The Ratner Center for the Study of Conservative Judaism conducted a survey of 1,617 members of 27 Conservative congregations in the U.S. and Canada in 1995. 69% of respondents to the Ratner Center survey agreed that they would regard personally as a Jew anyone who was raised Jewish—even if their mother was Gentile and their father was Jewish (Wertheimer, 59). In this same survey, 29% of respondents indicated that they attended Jewish religious services twice a month or more and 13% that they engage in the study of a Jewish text once a month or more (Wertheimer, 55–57).

===Karaite===
The majority view in Karaite Judaism is that Jewish identity can only be transmitted by patrilineal descent. They argue that only patrilineal descent can transmit Jewish identity on the grounds that all descent in the Torah went according to the male line. Only someone who is patrilineally Jewish (someone whose father's father was Jewish) is regarded as a Jew by the Mo'eṣet HaḤakhamim, or the Karaite Council of Sages based in Israel.

Both Rabbinic and Karaite Jews lived in 12th century Egypt, and a number of marriage contracts between Karaite and Rabbinic individuals have been discovered in the Cairo Genizah. The Egyptian Karaites followed patrilineal descent, but forbade marriage with non-Jews and also did not allow converts into their community. In effect then, 12th century Egyptian Karaites required that both parents be Jewish, but they referred to this requirement as patrilineal descent. Thus, marriages between Karaites and the Rabbinic community did not violate the Rabbinate requirement of matrilineality. However, these marriages came to a halt when Maimonides (who led the Rabbinate Jewish community in Egypt in the late 12th century) prohibited them for a separate reason: while he considered Karaites Jewish, he also considered them to potentially fall within the category of mamzerut, as their divorces were not conducted according to Rabbinate standards.

===Orthodox===
Orthodox Judaism practices matrilineal descent. Orthodox Judaism holds that anyone with a Jewish mother also has irrevocable Jewish status; that even were such a Jew to convert to another religion, that person would still be considered Jewish by Jewish Law.

===Reconstructionist===
Reconstructionist Judaism was the first movement to adopt the idea of bilineal descent in 1968. According to Reconstructionist Judaism, children of one Jewish parent, regardless of gender, are considered Jewish if raised as Jews.

===Reform===
In 1983, the Central Conference of American Rabbis of Reform Judaism passed a resolution waiving the need for formal conversion for anyone with at least one Jewish parent, provided that either (a) one is raised as a Jew, by Reform standards, or (b) one engages in an appropriate act of public identification, formalizing a practice that had been common in Reform synagogues for at least a generation. This 1983 resolution departed from the Reform Movement's previous position requiring formal conversion to Judaism for children without a Jewish mother.

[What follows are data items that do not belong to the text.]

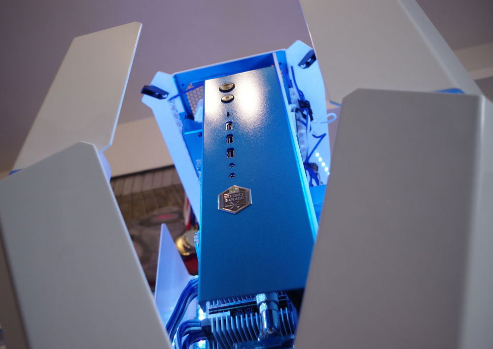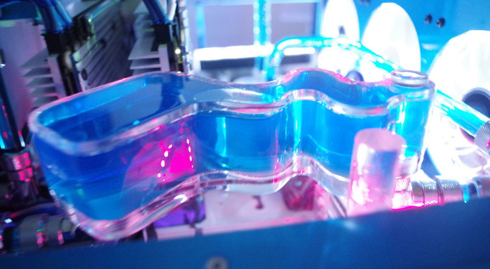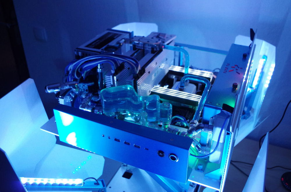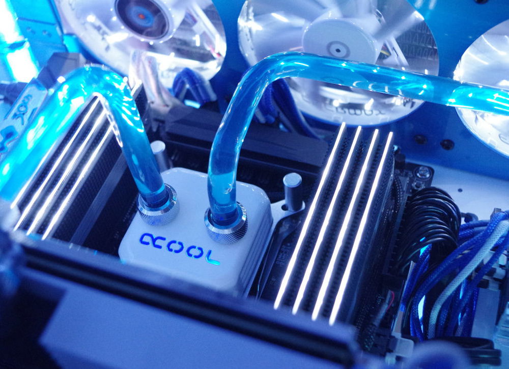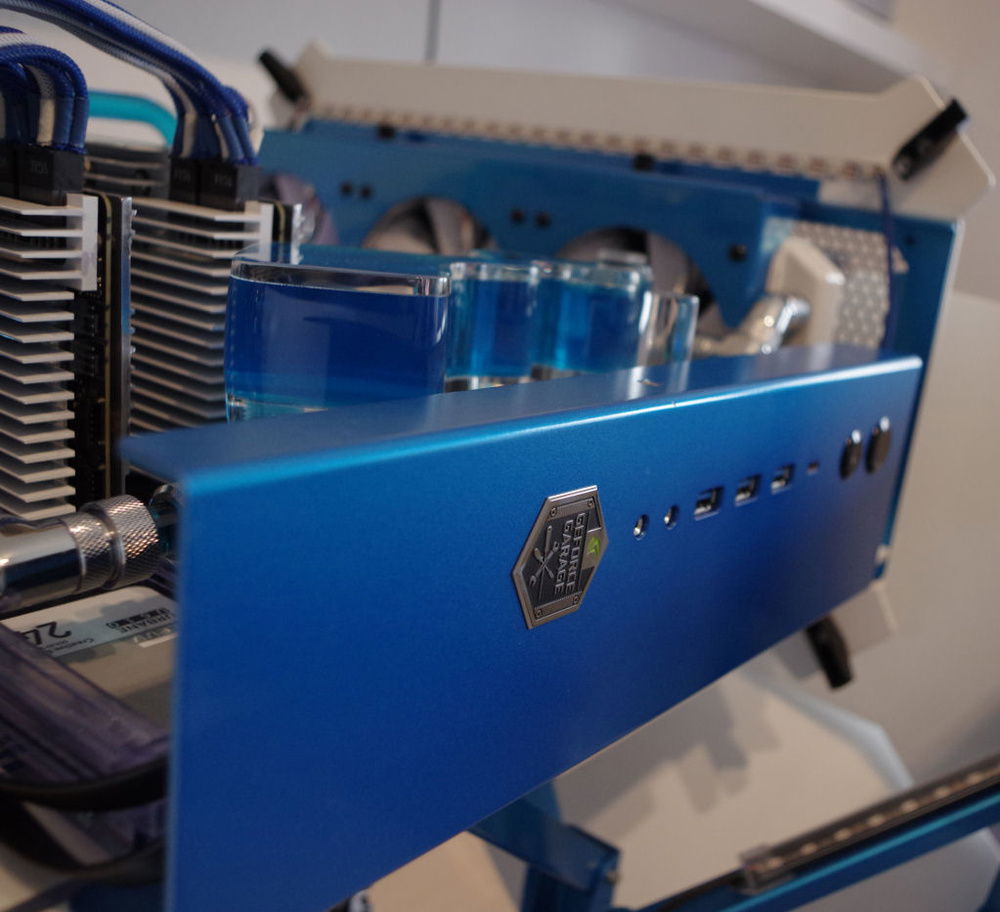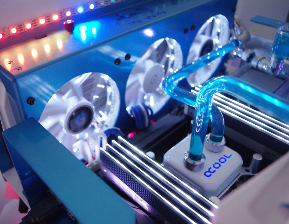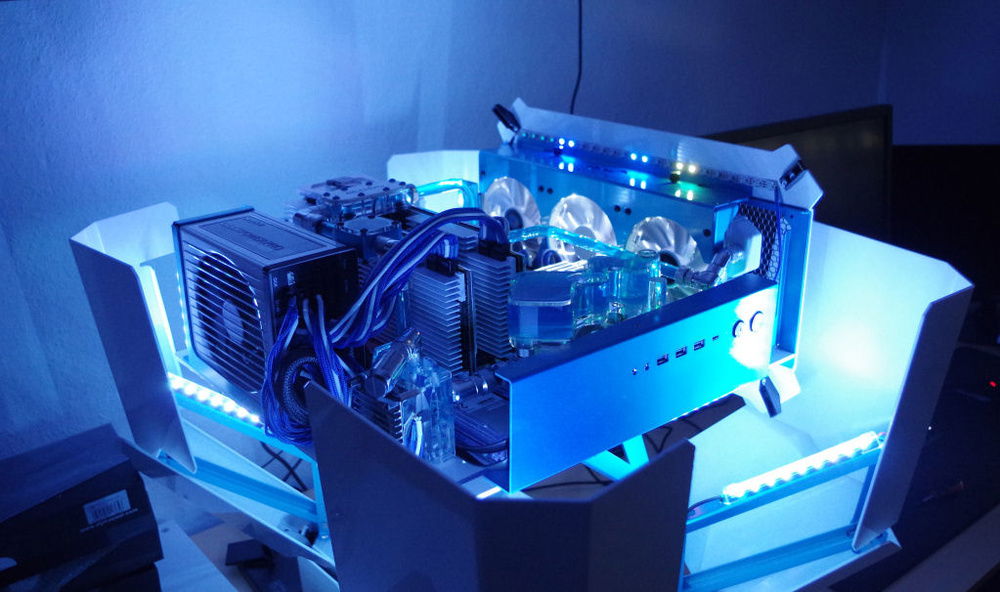 We altered the color combination from red/black to a sparkling white and blue combination and added a few details like the custom reservoir, custom lighting, custom Decals on Motherboard and SLI Bridge, custom SSD Holder and a few painted details. The Watercooling Loop was also build with custom painted radiators, CPU + GPU Blocks and Rigid Glass Tubing.
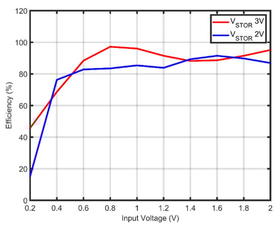 The PMU is essential for IoT applications that work without a consistent power supply [36,37,38]. In this study, the Texas Instrument bq25570 energy management module [39] was used to manage the harvested solar power. The module is mainly designed for ULP applications where it provides an efficient power extraction from low-power, high-input impedance generators such as solar cells. The module’s operation starts by converting the input voltage into higher voltage levels through an embedded DC to DC boost converter. The converter can operate at a low starting input voltage of 330 mV; once the voltage at the boost charger terminal reaches 1.8 V, the converter will accept lower voltages as 120 mV. The efficiency of the boost converter depends on the amount of power reaching the storage element concerning the input power as in (12). Figure 13 shows the efficiency curve of the boost charger concerning the input voltage. In addition to this, the module offers a programable MPPT unit that enables extracting the maximum power under various ambient light conditions. Additionally, the module can maintain a stable output voltage through the embedded buck converter, which can deliver up to 100 mA to the buck converter output terminal. Figure 14 shows the bq25570 module and the connection terminals.
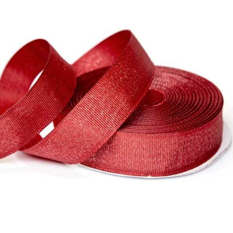 Репсовая лента ЛЮРЕКС красного цвета, подходит для изготовления декоративных изделий в технике скрапбукинг или канзаши.

The 1983 resolution of the American Reform movement has had a mixed reception in Reform Jewish communities outside of the United States. Most notably, the Israel Movement for Reform and Progressive Judaism has rejected patrilineal descent and requires formal conversion for anyone without a Jewish mother. As well, a joint Orthodox, Traditional, Conservative and Reform Bet Din formed in Denver, Colorado to promote uniform standards for conversion to Judaism was dissolved in 1983, due to that Reform resolution. However, in 2015 the majority of Britain's Assembly of Reform Rabbis voted in favor of a position paper proposing "that individuals who live a Jewish life, and who are patrilineally Jewish, can be welcomed into the Jewish community and confirmed as Jewish through an individual process." Britain's Assembly of Reform Rabbis stated that rabbis "would be able to take local decisions—ratified by the Beit Din—confirming Jewish status."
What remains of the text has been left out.